▶ Task directions:
Below are some records; output exactly the lines from the line with "Fzone STD-10I11N Teal" to the line with "레트로 좁은 청바지 여성을위한", both ends kept, and nothing more.

▶ Records:
========================================
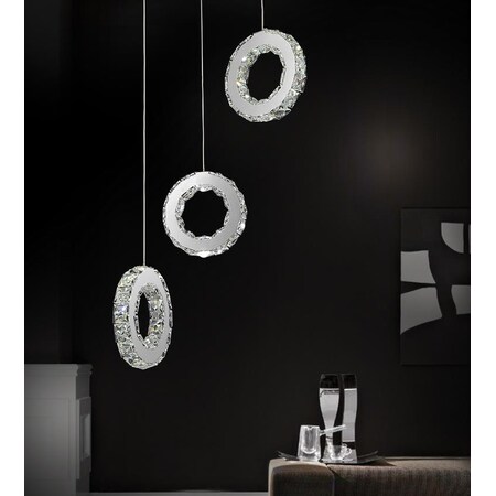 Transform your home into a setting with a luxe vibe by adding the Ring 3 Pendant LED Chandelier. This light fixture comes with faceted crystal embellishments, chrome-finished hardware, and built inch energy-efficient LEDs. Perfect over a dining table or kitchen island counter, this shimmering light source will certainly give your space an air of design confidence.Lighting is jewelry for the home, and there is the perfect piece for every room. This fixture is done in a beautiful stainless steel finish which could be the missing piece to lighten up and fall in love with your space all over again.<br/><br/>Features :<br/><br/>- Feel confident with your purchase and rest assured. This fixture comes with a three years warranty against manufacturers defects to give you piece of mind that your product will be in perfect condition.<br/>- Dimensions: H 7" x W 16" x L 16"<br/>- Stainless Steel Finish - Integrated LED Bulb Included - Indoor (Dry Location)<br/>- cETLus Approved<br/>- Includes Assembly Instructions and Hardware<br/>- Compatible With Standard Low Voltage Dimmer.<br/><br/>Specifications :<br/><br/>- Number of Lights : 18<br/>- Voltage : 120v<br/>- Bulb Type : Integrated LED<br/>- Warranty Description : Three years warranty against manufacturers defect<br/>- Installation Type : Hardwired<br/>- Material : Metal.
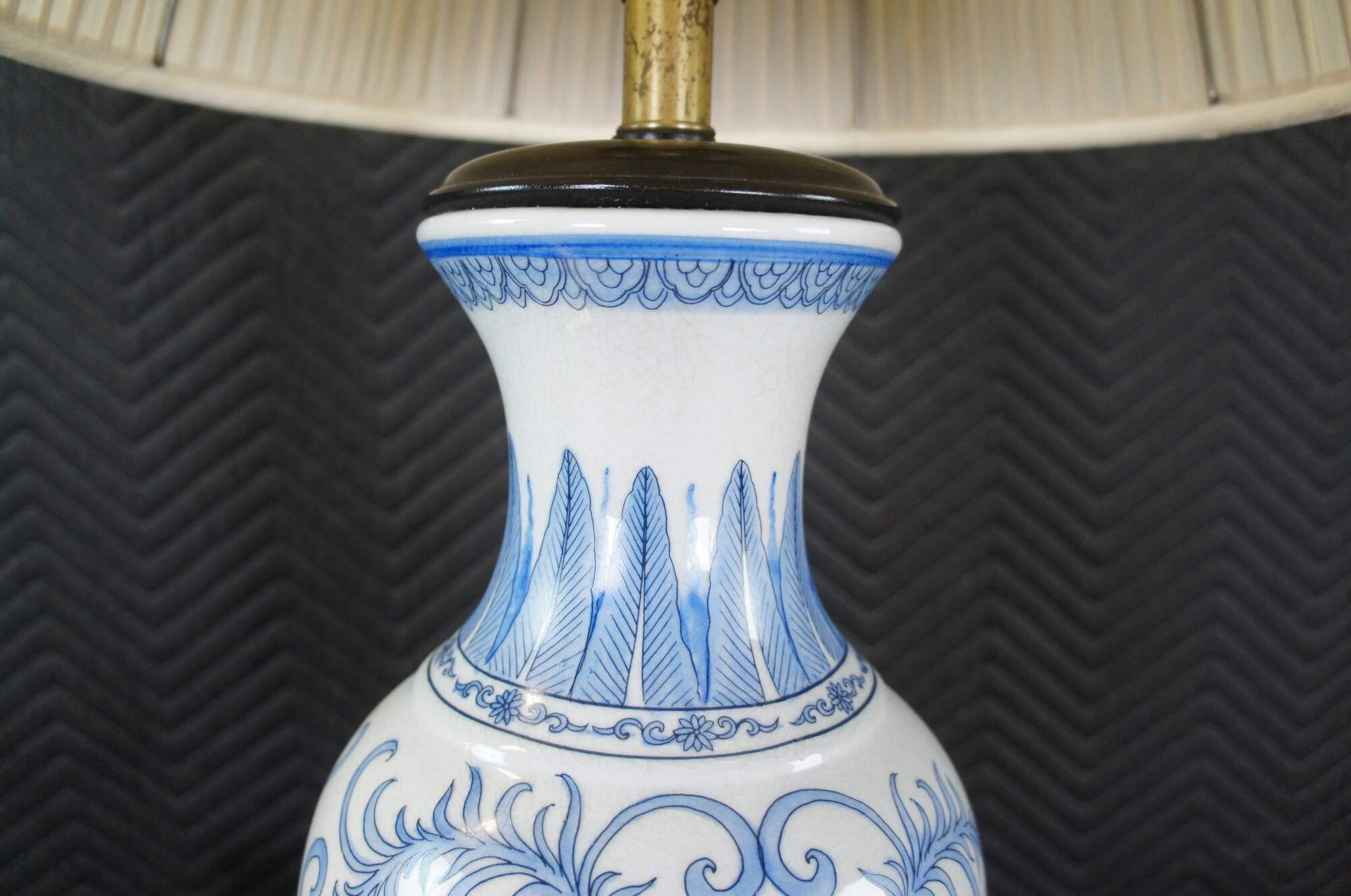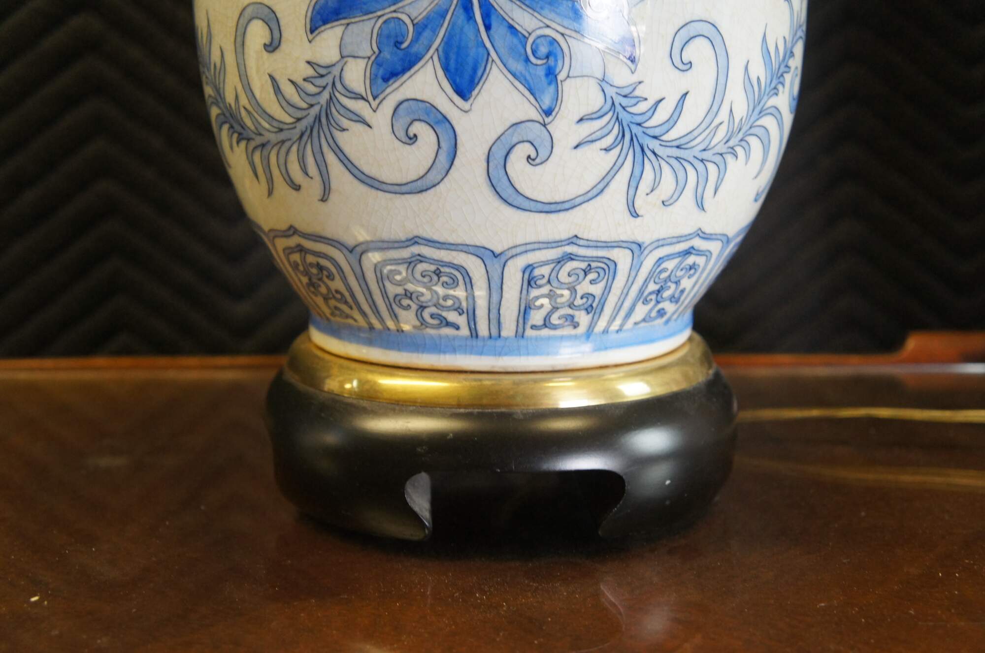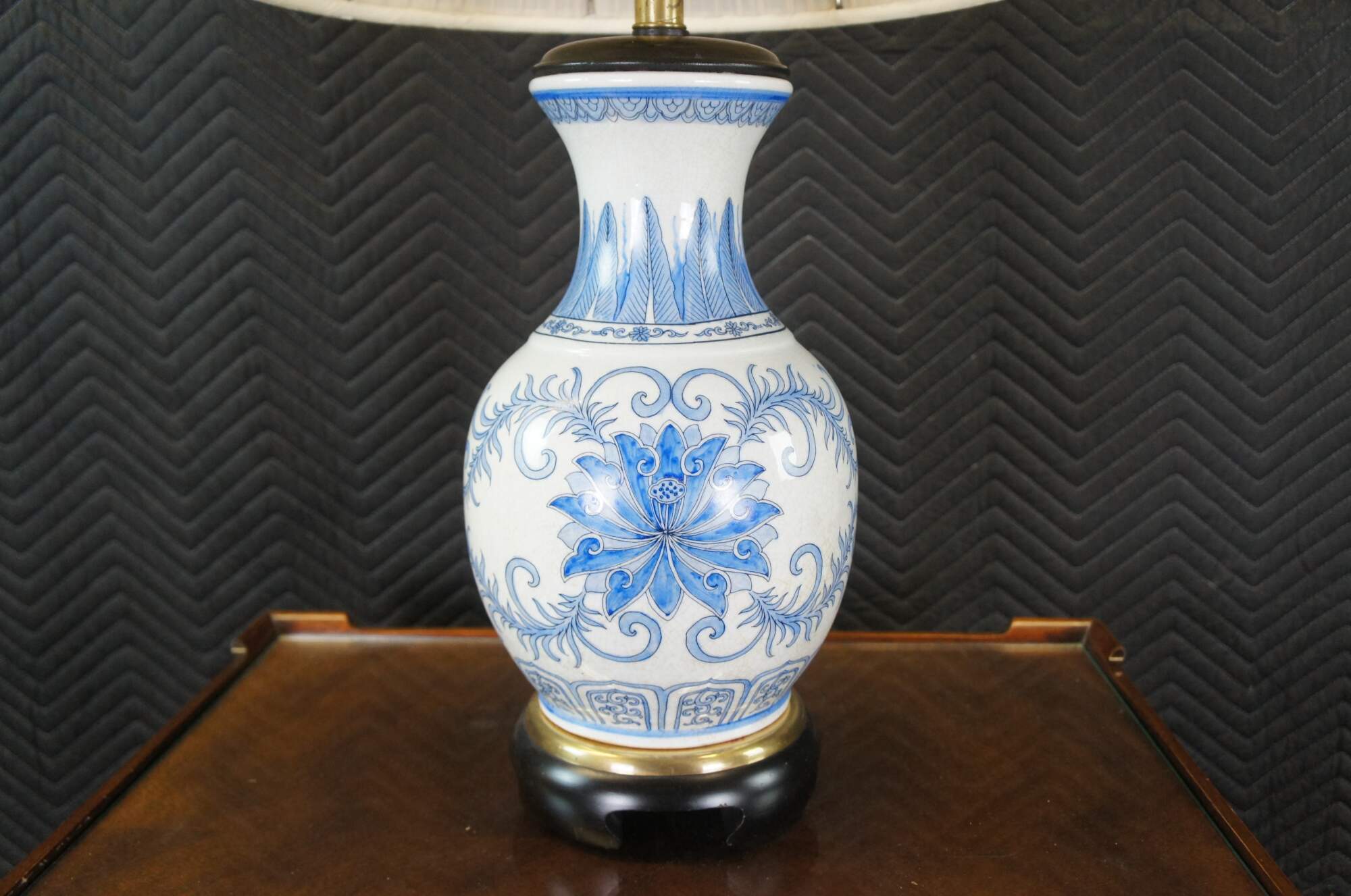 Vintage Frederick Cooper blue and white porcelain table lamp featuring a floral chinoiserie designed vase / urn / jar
========================================
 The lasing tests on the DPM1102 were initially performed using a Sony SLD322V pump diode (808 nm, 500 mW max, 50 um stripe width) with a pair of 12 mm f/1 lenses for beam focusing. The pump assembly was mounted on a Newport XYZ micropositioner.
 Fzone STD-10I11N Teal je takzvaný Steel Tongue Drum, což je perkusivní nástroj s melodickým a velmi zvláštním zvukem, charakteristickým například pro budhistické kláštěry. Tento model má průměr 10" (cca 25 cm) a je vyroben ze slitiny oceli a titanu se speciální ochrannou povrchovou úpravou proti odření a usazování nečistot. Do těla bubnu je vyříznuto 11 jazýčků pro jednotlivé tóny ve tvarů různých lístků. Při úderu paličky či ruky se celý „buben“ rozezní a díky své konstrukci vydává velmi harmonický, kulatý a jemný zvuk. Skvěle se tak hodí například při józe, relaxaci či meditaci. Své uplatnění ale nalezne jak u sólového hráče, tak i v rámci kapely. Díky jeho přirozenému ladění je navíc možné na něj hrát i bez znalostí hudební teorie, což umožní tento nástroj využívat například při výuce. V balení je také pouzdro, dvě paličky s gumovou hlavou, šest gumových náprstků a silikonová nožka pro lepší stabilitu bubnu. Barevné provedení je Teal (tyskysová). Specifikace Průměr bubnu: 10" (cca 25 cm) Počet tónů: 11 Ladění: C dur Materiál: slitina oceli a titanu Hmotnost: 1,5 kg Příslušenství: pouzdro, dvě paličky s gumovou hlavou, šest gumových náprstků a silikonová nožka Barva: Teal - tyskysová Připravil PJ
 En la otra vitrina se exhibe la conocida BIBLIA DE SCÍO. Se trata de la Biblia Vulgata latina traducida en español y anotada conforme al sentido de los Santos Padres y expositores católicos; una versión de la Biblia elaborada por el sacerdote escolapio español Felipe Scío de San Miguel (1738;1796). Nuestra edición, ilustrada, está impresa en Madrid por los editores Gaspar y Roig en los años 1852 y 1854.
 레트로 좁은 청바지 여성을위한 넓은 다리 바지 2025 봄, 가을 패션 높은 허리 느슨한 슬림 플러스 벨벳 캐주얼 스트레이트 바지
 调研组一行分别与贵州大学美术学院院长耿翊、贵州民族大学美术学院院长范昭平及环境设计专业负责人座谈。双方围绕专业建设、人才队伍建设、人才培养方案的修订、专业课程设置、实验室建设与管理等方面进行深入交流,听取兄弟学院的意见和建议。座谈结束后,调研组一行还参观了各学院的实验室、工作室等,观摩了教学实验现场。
========================================
▶ Solution to this task:
 Fzone STD-10I11N Teal je takzvaný Steel Tongue Drum, což je perkusivní nástroj s melodickým a velmi zvláštním zvukem, charakteristickým například pro budhistické kláštěry. Tento model má průměr 10" (cca 25 cm) a je vyroben ze slitiny oceli a titanu se speciální ochrannou povrchovou úpravou proti odření a usazování nečistot. Do těla bubnu je vyříznuto 11 jazýčků pro jednotlivé tóny ve tvarů různých lístků. Při úderu paličky či ruky se celý „buben“ rozezní a díky své konstrukci vydává velmi harmonický, kulatý a jemný zvuk. Skvěle se tak hodí například při józe, relaxaci či meditaci. Své uplatnění ale nalezne jak u sólového hráče, tak i v rámci kapely. Díky jeho přirozenému ladění je navíc možné na něj hrát i bez znalostí hudební teorie, což umožní tento nástroj využívat například při výuce. V balení je také pouzdro, dvě paličky s gumovou hlavou, šest gumových náprstků a silikonová nožka pro lepší stabilitu bubnu. Barevné provedení je Teal (tyskysová). Specifikace Průměr bubnu: 10" (cca 25 cm) Počet tónů: 11 Ladění: C dur Materiál: slitina oceli a titanu Hmotnost: 1,5 kg Příslušenství: pouzdro, dvě paličky s gumovou hlavou, šest gumových náprstků a silikonová nožka Barva: Teal - tyskysová Připravil PJ
 En la otra vitrina se exhibe la conocida BIBLIA DE SCÍO. Se trata de la Biblia Vulgata latina traducida en español y anotada conforme al sentido de los Santos Padres y expositores católicos; una versión de la Biblia elaborada por el sacerdote escolapio español Felipe Scío de San Miguel (1738;1796). Nuestra edición, ilustrada, está impresa en Madrid por los editores Gaspar y Roig en los años 1852 y 1854.
 레트로 좁은 청바지 여성을위한 넓은 다리 바지 2025 봄, 가을 패션 높은 허리 느슨한 슬림 플러스 벨벳 캐주얼 스트레이트 바지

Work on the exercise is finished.